The international character of canon law is immediately striking. It was co-extensive with the Roman obedience, and therefore with the res publica Christiana. It was administered by its own hierarchy of courts throughout Christendom. These courts claimed and on the whole successfully asserted, besides exclusive jurisdiction over the intellectual élite of the West, the clergy, concurrent jurisdiction over the laity as well in all matters involving the laws of God. Jurisdictional disputes between secular and ecclesiastical courts were frequent and bitter, but no Christian judge cared to contradict the divinely revealed mandates on which the laws of the Church claimed to be based. In fact, therefore, a good many legal relationships were governed, throughout the Roman obedience, by the doctrines and principles laid down by the Church lawyers. Thus, for medieval Europe canon law supplied, in large part, the need for a code of private international law.

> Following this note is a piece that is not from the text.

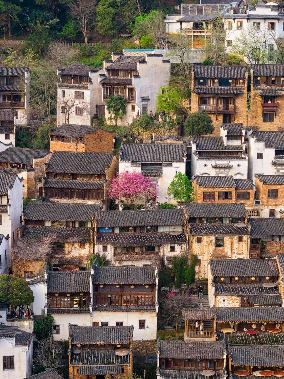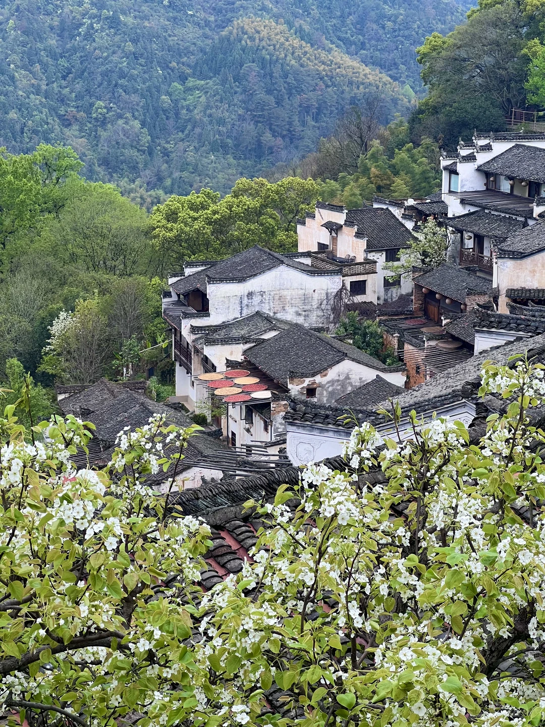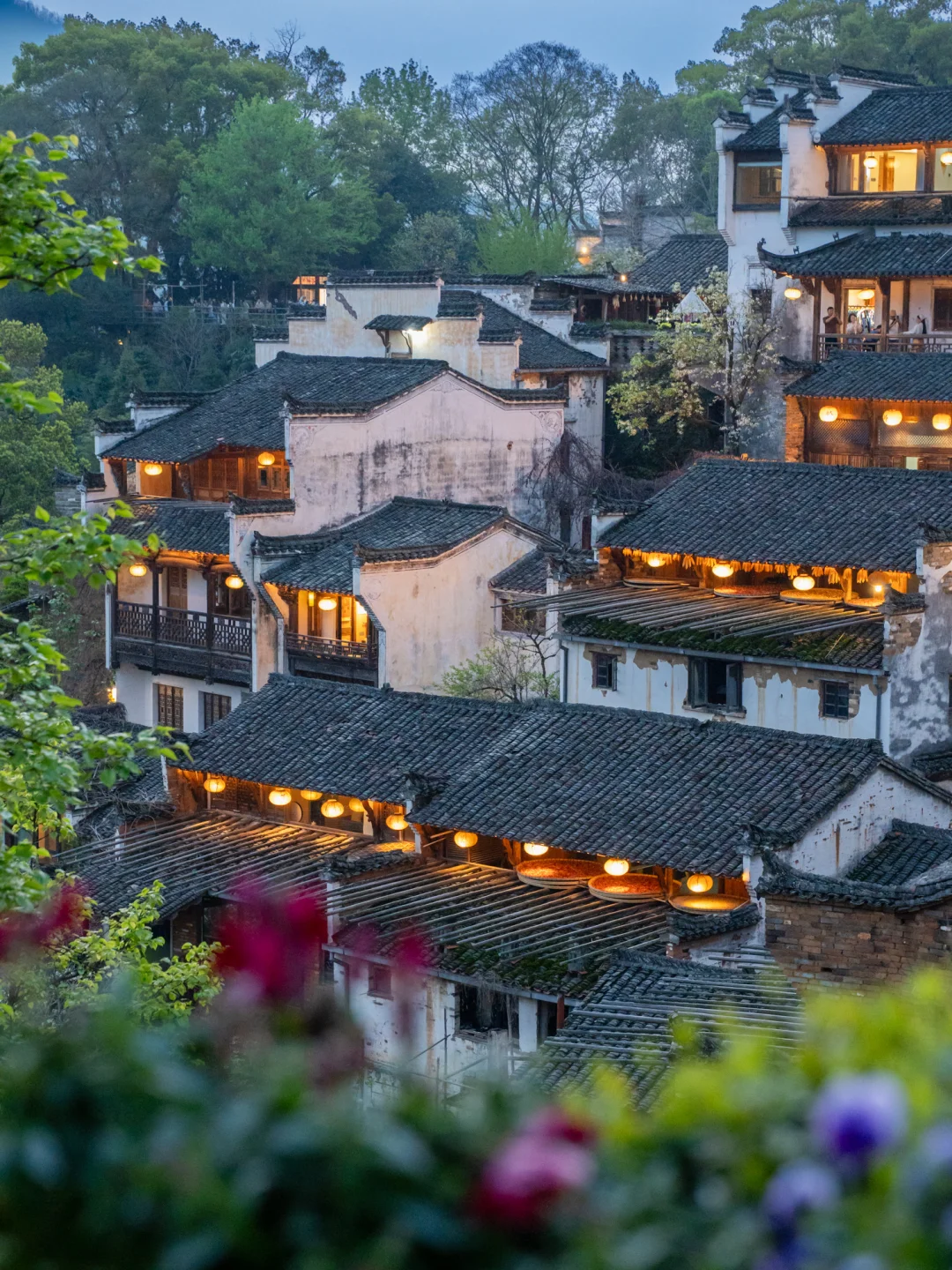 白墙黛瓦的徽派建筑依山而建,错落有致,宛如世外桃源。石板路两旁是古色古香的店铺,有各种徽州小吃、手作好物,边走边吃超惬意,还有爆米花、炒米片等儿时记忆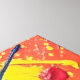 This vibrant digital artwork by Otis Porritt captures a striking figure encased in an astronaut's helmet, rendered with dynamic, impasto-like strokes. The subject's intense blue eyes pierce through a face defined by bold yellow and red hues, framed by electric blue hair. A stark black outline accentuates the features, creating a powerful pop art aesthetic. The background explodes with a chaotic yet colorful splatter pattern, contrasting with the figure's focused gaze and the sleek lines of the space gear.

In addition, since the eleventh century, the canonists had been preoccupied with many of the problems which we think of as belonging to public international law, with the definition of sovereignty, with the sanctity of treaties, with the preservation of peace, with the rights of neutrals and non-combatants, and with the mitigation of the rigors of war. From the beginning of the investiture controversy it had been to the advantage of the papacy to strengthen the independence of the kings against the universal claims of the emperor, and in the maxim that ‘each is master of his own house’ its lawyers found the basic principle of sovereignty which later led kings in France and England and Castile to assert that they were emperors in their own domains.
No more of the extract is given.